= WHAT YOU SHOULD DO =
Return every record below exactly as written, omitting any pictures.

= DATA SECTION =
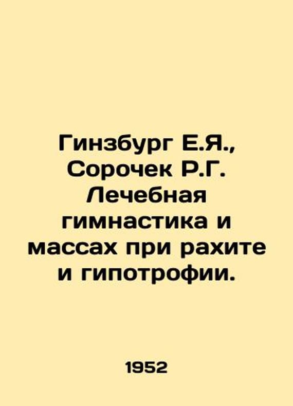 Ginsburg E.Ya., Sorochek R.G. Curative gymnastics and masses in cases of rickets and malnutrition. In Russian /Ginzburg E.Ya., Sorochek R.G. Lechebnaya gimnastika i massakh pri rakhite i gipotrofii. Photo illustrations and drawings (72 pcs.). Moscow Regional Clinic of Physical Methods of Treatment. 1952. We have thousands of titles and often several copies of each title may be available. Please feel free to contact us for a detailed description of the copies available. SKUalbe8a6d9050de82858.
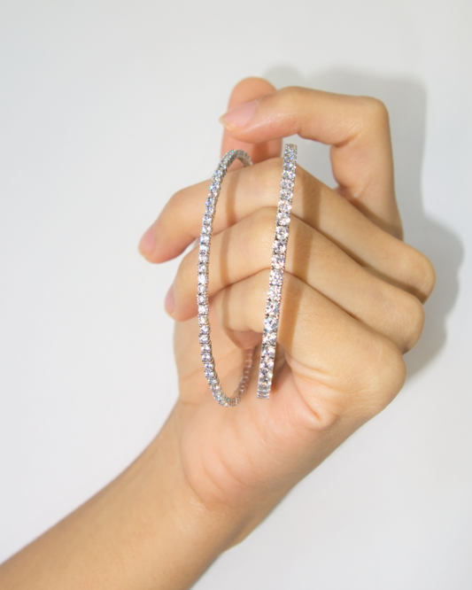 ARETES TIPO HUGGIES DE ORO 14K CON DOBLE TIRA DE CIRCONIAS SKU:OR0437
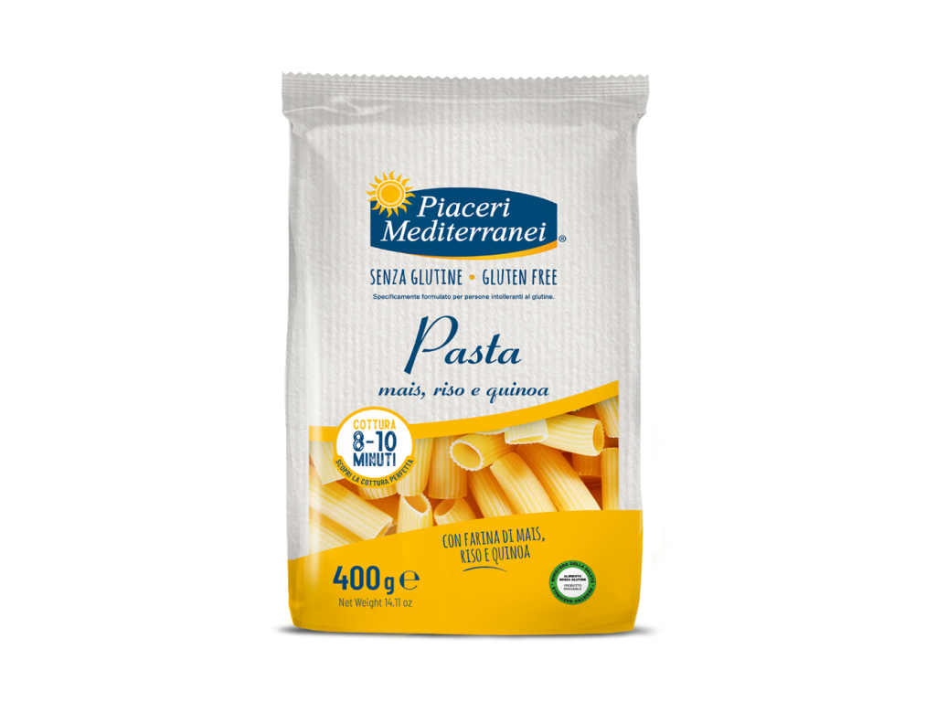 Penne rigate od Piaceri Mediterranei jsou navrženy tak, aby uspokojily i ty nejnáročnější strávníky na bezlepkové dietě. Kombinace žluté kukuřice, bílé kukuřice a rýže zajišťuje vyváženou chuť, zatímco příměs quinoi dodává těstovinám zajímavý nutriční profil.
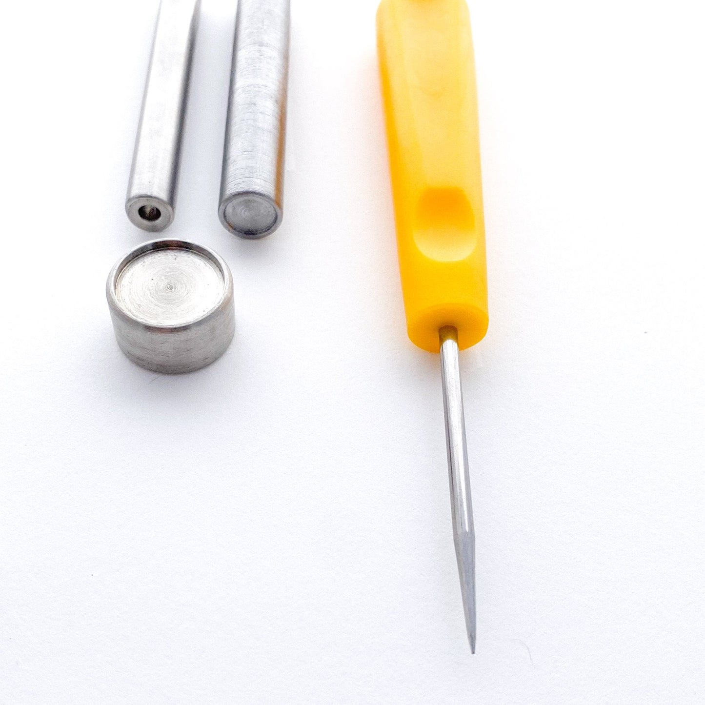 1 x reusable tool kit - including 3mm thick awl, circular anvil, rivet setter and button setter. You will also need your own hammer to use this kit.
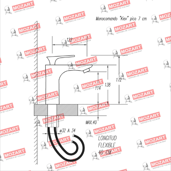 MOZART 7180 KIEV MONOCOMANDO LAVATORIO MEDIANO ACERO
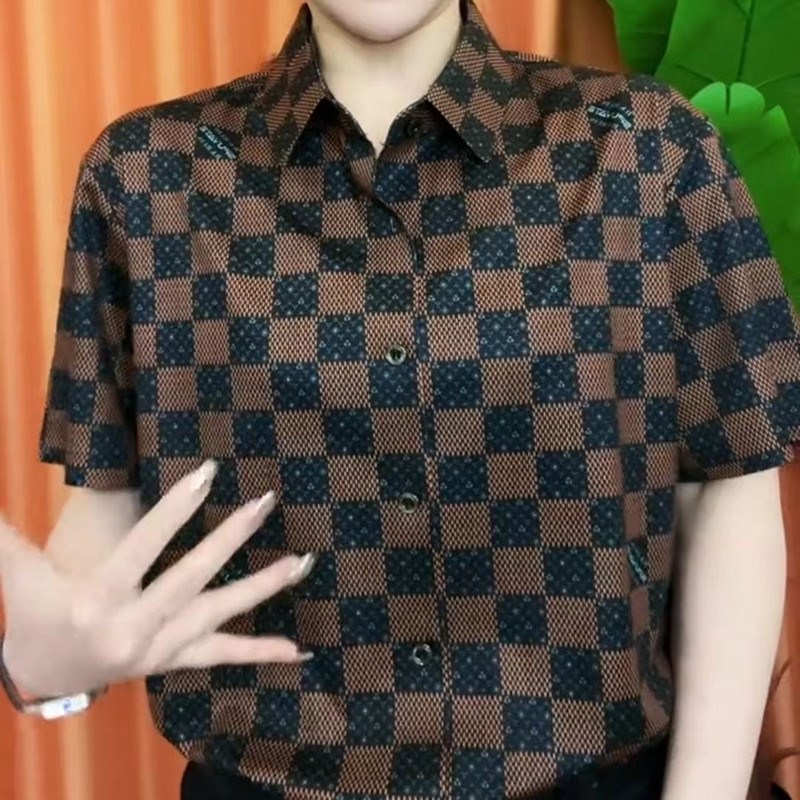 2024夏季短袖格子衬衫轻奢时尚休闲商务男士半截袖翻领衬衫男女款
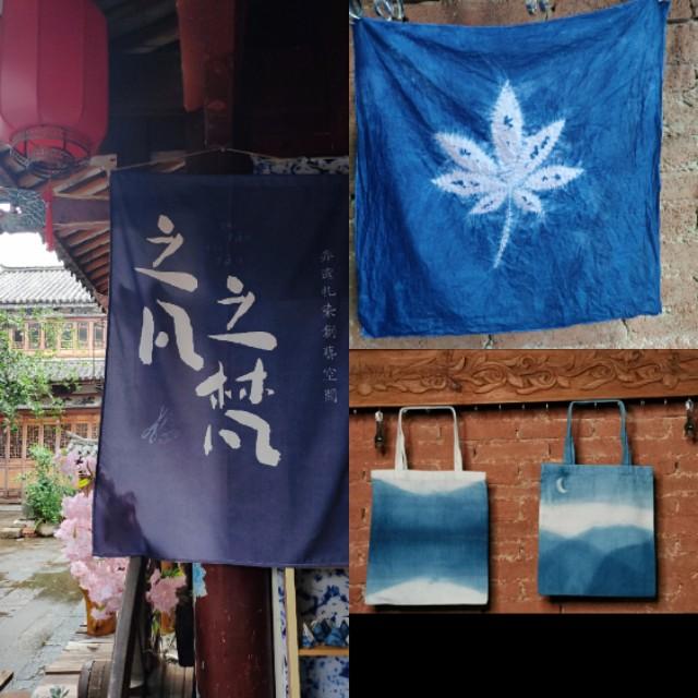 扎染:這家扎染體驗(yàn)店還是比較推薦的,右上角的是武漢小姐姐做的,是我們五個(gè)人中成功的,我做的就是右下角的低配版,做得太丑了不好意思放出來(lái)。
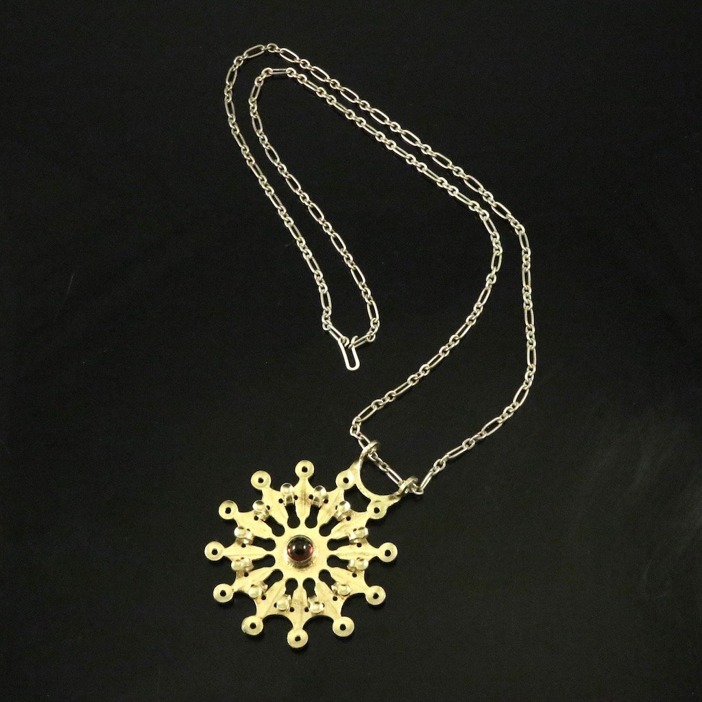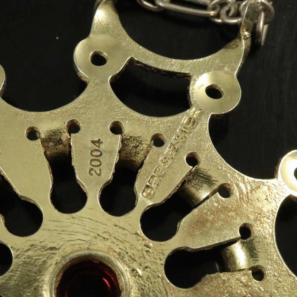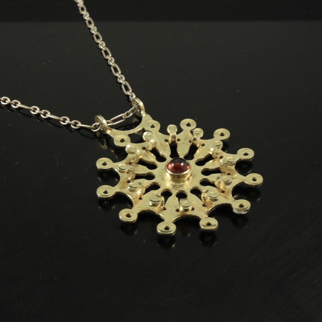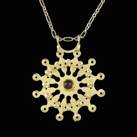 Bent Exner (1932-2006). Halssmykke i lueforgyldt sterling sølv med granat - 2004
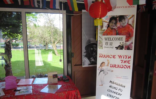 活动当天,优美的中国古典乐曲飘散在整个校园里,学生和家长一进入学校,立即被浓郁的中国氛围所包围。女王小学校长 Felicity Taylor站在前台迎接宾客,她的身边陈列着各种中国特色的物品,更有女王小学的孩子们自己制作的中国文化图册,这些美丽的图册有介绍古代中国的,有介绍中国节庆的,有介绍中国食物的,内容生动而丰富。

= TASK ANSWER =
 Ginsburg E.Ya., Sorochek R.G. Curative gymnastics and masses in cases of rickets and malnutrition. In Russian /Ginzburg E.Ya., Sorochek R.G. Lechebnaya gimnastika i massakh pri rakhite i gipotrofii. Photo illustrations and drawings (72 pcs.). Moscow Regional Clinic of Physical Methods of Treatment. 1952. We have thousands of titles and often several copies of each title may be available. Please feel free to contact us for a detailed description of the copies available. SKUalbe8a6d9050de82858.
 ARETES TIPO HUGGIES DE ORO 14K CON DOBLE TIRA DE CIRCONIAS SKU:OR0437
 Penne rigate od Piaceri Mediterranei jsou navrženy tak, aby uspokojily i ty nejnáročnější strávníky na bezlepkové dietě. Kombinace žluté kukuřice, bílé kukuřice a rýže zajišťuje vyváženou chuť, zatímco příměs quinoi dodává těstovinám zajímavý nutriční profil.
 1 x reusable tool kit - including 3mm thick awl, circular anvil, rivet setter and button setter. You will also need your own hammer to use this kit.
 MOZART 7180 KIEV MONOCOMANDO LAVATORIO MEDIANO ACERO
 2024夏季短袖格子衬衫轻奢时尚休闲商务男士半截袖翻领衬衫男女款
 扎染:這家扎染體驗(yàn)店還是比較推薦的,右上角的是武漢小姐姐做的,是我們五個(gè)人中成功的,我做的就是右下角的低配版,做得太丑了不好意思放出來(lái)。
 Bent Exner (1932-2006). Halssmykke i lueforgyldt sterling sølv med granat - 2004
 活动当天,优美的中国古典乐曲飘散在整个校园里,学生和家长一进入学校,立即被浓郁的中国氛围所包围。女王小学校长 Felicity Taylor站在前台迎接宾客,她的身边陈列着各种中国特色的物品,更有女王小学的孩子们自己制作的中国文化图册,这些美丽的图册有介绍古代中国的,有介绍中国节庆的,有介绍中国食物的,内容生动而丰富。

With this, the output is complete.